A Python interface to odc for encoding/decoding ODB-2 files.

The package contains two different implementations of the same library:

  • pyodc is a pure-python encoder and decoder for ODB-2 data, which encodes data from, and decodes it into pandas data frames
  • codc is an implementation of the same API as pyodc that depends on the ECMWF odc library, and comes with much better performance.

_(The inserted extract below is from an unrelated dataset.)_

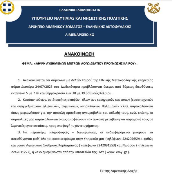 Λιμεναρχείο Κω: Λήψη αυξημένων μέτρων λόγω πρόγνωσης καιρού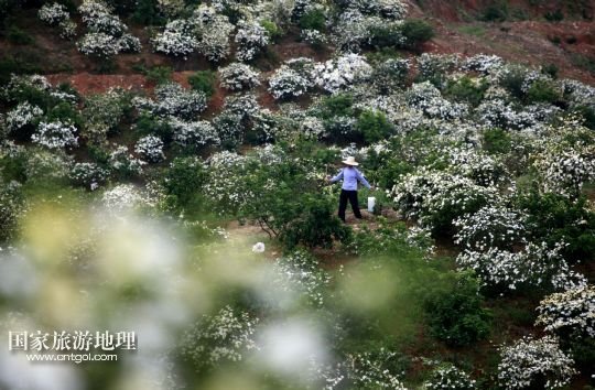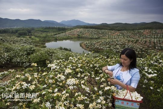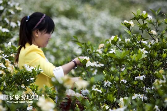 國家旅游地理 江西九江5月24日訊 5月24日,游客在黃梔子種植基地采摘梔子花。小滿時(shí)節(jié),在位于鄱陽湖畔的江西省九江市都昌縣土塘鎮(zhèn)潭湖村的坡嶺上,春輝黃梔子專業(yè)合作社6個(gè)種植基地的兩千多畝黃梔子全面進(jìn)入盛花期,種植園內(nèi)芳香四溢。黃梔子是傳統(tǒng)中藥材,花朵可觀賞、食用,果實(shí)可用于醫(yī)藥、染色、化妝品等領(lǐng)域。成立于2007年的都昌春輝黃梔子農(nóng)民專業(yè)合作社近年來致力于實(shí)施科技推廣、標(biāo)準(zhǔn)化種植和專業(yè)化經(jīng)營黃梔子,將黃梔子從“飄香”經(jīng)濟(jì)延伸到“染色”“藥用”深加工,進(jìn)軍省內(nèi)外市場。 /新華社發(fā)(傅建斌 攝)

Both libraries are be installed by running pip install pyodc, and since version 1.6.0, a pre-built wheel version of odc will be automatically installed so that codc can be used without any additional steps.

Documentation Changelog

Dependencies

Required

  • Python 3.x

Optional

For codc to work, the odc library must be compiled and installed on the system and made available to Python. Typically this happens automatically as described above through the dependency on odclib which bundles a precompiled version of odc as a wheel. If some some reason this doesn't work, there are multiple other ways to make the library visible to pyodc:

  • It can be installed as a system library.
  • The installation prefix can be passed in the odc_DIR or ODC_DIR environment variables.
  • The library directory can be included in `LD_LIBRARY_PATH.

Installation

pip install pyodc

Check if the module was installed correctly:

python
>>> import pyodc as odc # pure python
>>> import codc as odc # faster

Usage

An introductory Jupyter Notebook with helpful usage examples is provided in the root of this repository:

git clone [email protected]:ecmwf/pyodc.git
cd pyodc
jupyter notebook Introduction.ipynb

Note that codc is not thread safe so care should be taken when using it with dask. You can set dask to use processses rather than threads by doing:

with dask.config.set(scheduler='processes'):
    dask.compute(...)

Development

Run Unit Tests

To run the unit tests, make sure that the pytest module is installed first:

python -m pytest

Run Unit Tests across multiple python versions with Tox

Tox is a useful tool to quickly run pytest across multiple python versions by managing a set of python environments for you. A tox.ini file is provided that targets python3.8 - 3.12. Note that this will also install older versions of libraries like numpy which helps to catch incompatibilities with older versions of those libraries too.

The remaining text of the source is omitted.